A ter em conta no dia 4 de outubro

O PSD e o CDS passaram quatro anos a cortar nos salários, nas reformas e nas políticas sociais. Quatro anos a aumentar os impostos de quem trabalha, as taxas moderadoras, as propinas e a encerrar serviços públicos. A semear desemprego, a generalizar a pobreza e a delapidar o nosso património coletivo através das privatizações. Tudo em nome da dívida que ainda assim não para de crescer.

Ora, face à natureza dos cortes e à brutal carga fiscal que assume uma dimensão inaceitável e uma vez que a dívida não para de crescer, deparamo-nos com uma questão que exige resposta: onde anda afinal todo esse dinheiro que o Governo amealhou com os cortes, com o aumento da carga fiscal e com as privatizações?

Vejamos, segundo o Banco Central Europeu, nos últimos seis anos, o valor dos apoios do Estado Português à banca atingiu 11,3% do PIB, ou seja, cerca de 19,5 mil milhões de euros. Se a este valor somarmos os encargos com o serviço da dívida, cerca de nove mil milhões de euros por ano, os encargos com as Parcerias Público Privadas e os contratos swaps, ficamos com uma ideia do destino desse dinheiro que era de todos os portugueses.

Mas não ficamos por aqui. Numa altura em que 1% da população detêm 25% da riqueza nacional, a política seguida pelo PSD e pelo CDS foi de aumentar os impostos sobre quem trabalha e diminuir os impostos sobre os Grupos Económicos e Financeiros (GEF).

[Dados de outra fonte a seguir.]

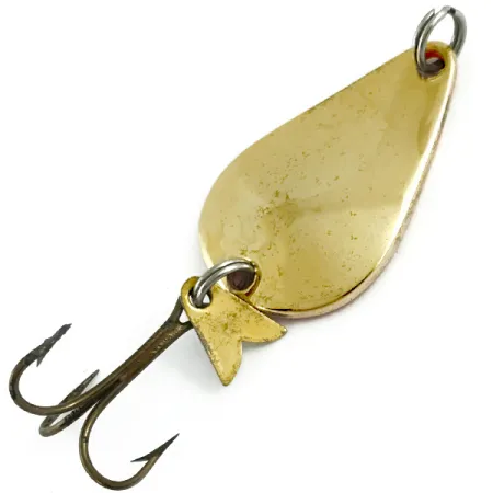 Una placcatura in oro lucido riveste il lato frontale di questo ondulante di produzione americana, garantendo riflessi ad alta visibilità anche in acque torbide. L'Acme K.O. Wobbler UV, identificato dal codice prodotto 5758, è un'esca da lancio compatta dal peso di 7 g (1/4 oz) e una lunghezza di 3,5 cm (1 1/2"). Una caratteristica distintiva di questo modello è la piccola coda metallica "Sonic flipper tail" collegata all'anello spaccato posteriore, progettata per produrre un movimento laterale durante il recupero. Mentre il fronte è dorato, il retro presenta una vivace finitura arancione fluorescente che reagisce intensamente alla luce ultravioletta, come mostrato nella fotografia UV dedicata. L'esemplare è in condizioni eccellenti, valutato 5/5, con la superficie placcata che mantiene un riflesso pulito e la minuteria priva di segni del tempo. Questa esca prodotta negli USA utilizza un robusto amo triplo e anelli spaccati rinforzati per garantire la massima durata nel tempo insidiando vari predatori.

O PSD e o CDS alargaram a isenção das mais-valias e dos lucros transferidos para o estrangeiro (antes era necessário uma participação de 10% que foi reduzida para 5%, antes não incluía mais-valias e agora passou a incluir). Só em benefícios e isenções fiscais concedidos aos GEF como os benefícios atribuídos em sede de IRC às SGPS, ultrapassaram os mil milhões de euros.

A redução de quatro pontos percentuais em sede de IRC que só as grandes empresas beneficiam, primeiro de 25 para 23%, aqui com o acordo do PS e depois de 23 para 21%, representa uma perda da receita fiscal de 892 milhões por ano. Com esta descida, só a EDP deixou de pagar 40,2 milhões de euros num só ano. Isto quando é sabido que o obstáculo ao investimento não é de natureza fiscal, o problema é a falta de procura. E a falta de procura ocorre porque as famílias não têm rendimentos disponíveis para consumir, e não têm porque o PSD e o CDS fizeram essa opção, depenar as famílias para beneficiar os GEF.

Por isso, as opções do PSD e do CDS devem ser tidas em conta na opção que vamos fazer a 4 de outubro… os grandes acionistas dos GEF também vão ter isso em conta.